* Problem to solve *
Give all the lines below again, exactly, with no pictures.

* Information supplied *
+ + +
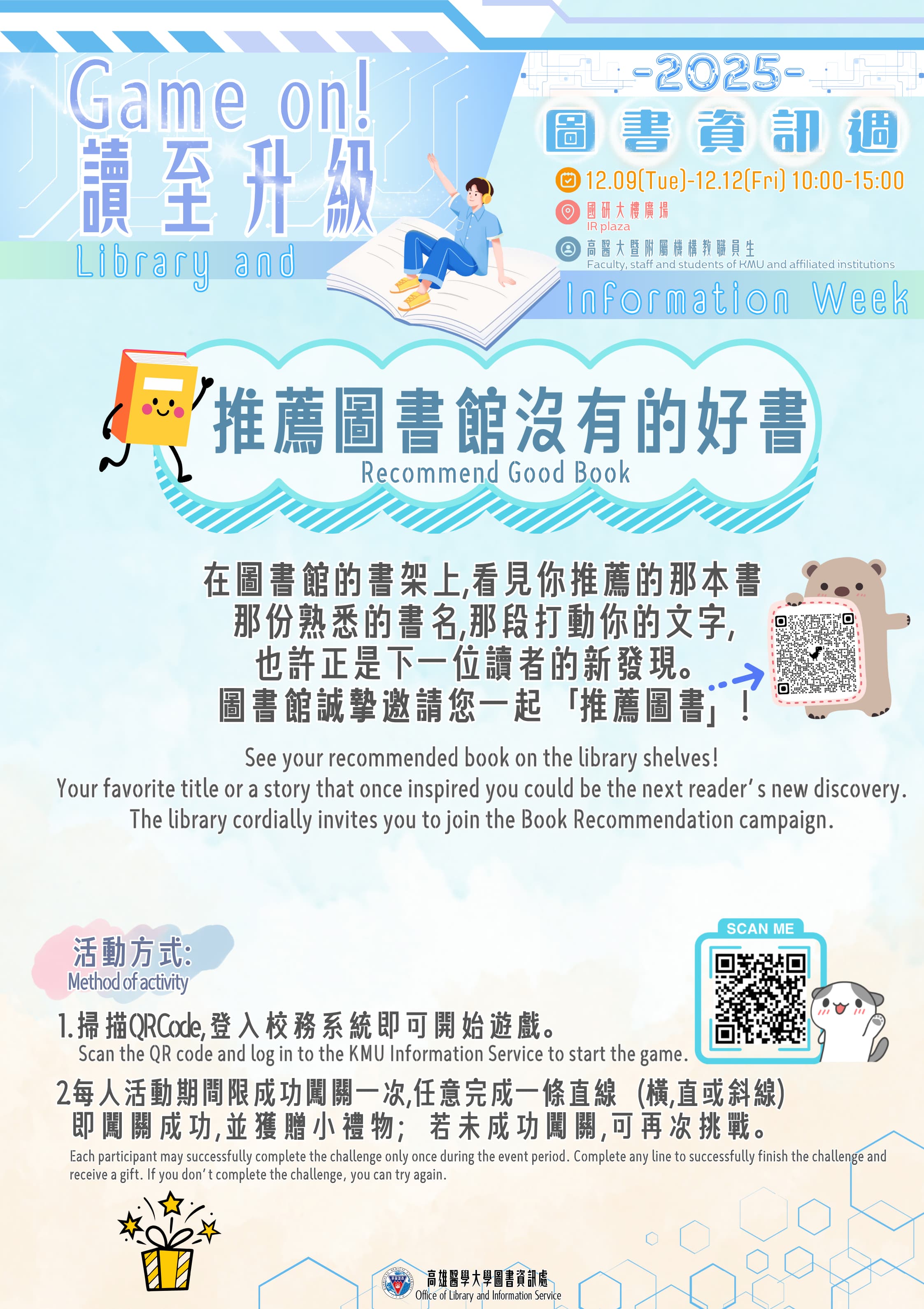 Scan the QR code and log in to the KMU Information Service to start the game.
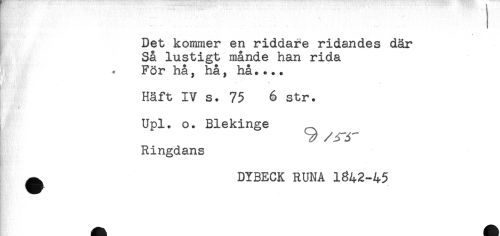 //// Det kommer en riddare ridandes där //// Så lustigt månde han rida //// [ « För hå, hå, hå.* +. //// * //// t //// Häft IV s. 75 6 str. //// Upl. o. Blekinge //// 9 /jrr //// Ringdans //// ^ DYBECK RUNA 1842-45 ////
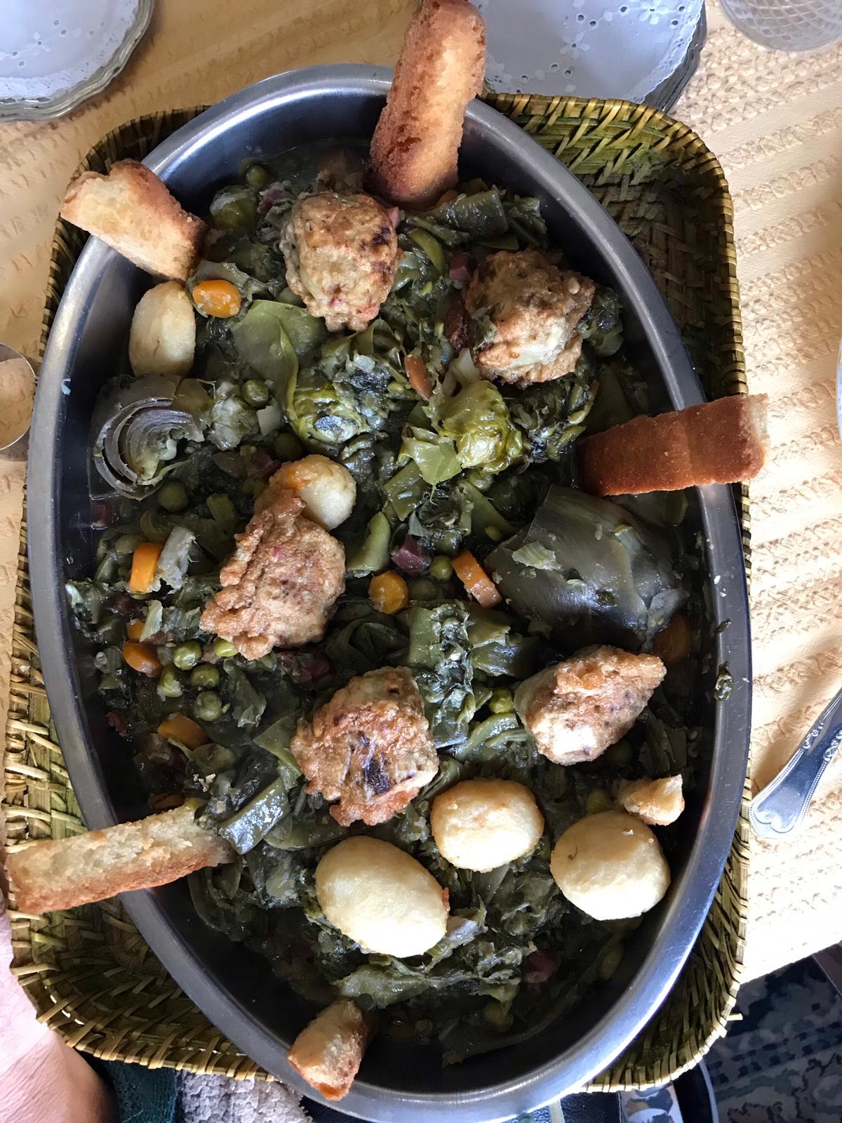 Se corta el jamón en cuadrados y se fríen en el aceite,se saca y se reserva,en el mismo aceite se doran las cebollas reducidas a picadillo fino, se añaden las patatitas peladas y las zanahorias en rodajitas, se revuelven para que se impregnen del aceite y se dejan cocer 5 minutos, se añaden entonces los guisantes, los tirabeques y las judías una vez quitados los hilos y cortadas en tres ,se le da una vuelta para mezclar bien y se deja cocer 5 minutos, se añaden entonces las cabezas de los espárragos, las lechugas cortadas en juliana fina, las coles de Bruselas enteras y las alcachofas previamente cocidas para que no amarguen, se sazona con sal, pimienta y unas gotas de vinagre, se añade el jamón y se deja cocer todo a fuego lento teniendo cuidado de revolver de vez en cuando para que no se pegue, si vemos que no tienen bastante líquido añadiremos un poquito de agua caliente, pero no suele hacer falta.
+ + +
* Exercise output *
 Scan the QR code and log in to the KMU Information Service to start the game.
 //// Det kommer en riddare ridandes där //// Så lustigt månde han rida //// [ « För hå, hå, hå.* +. //// * //// t //// Häft IV s. 75 6 str. //// Upl. o. Blekinge //// 9 /jrr //// Ringdans //// ^ DYBECK RUNA 1842-45 ////
 Se corta el jamón en cuadrados y se fríen en el aceite,se saca y se reserva,en el mismo aceite se doran las cebollas reducidas a picadillo fino, se añaden las patatitas peladas y las zanahorias en rodajitas, se revuelven para que se impregnen del aceite y se dejan cocer 5 minutos, se añaden entonces los guisantes, los tirabeques y las judías una vez quitados los hilos y cortadas en tres ,se le da una vuelta para mezclar bien y se deja cocer 5 minutos, se añaden entonces las cabezas de los espárragos, las lechugas cortadas en juliana fina, las coles de Bruselas enteras y las alcachofas previamente cocidas para que no amarguen, se sazona con sal, pimienta y unas gotas de vinagre, se añade el jamón y se deja cocer todo a fuego lento teniendo cuidado de revolver de vez en cuando para que no se pegue, si vemos que no tienen bastante líquido añadiremos un poquito de agua caliente, pero no suele hacer falta.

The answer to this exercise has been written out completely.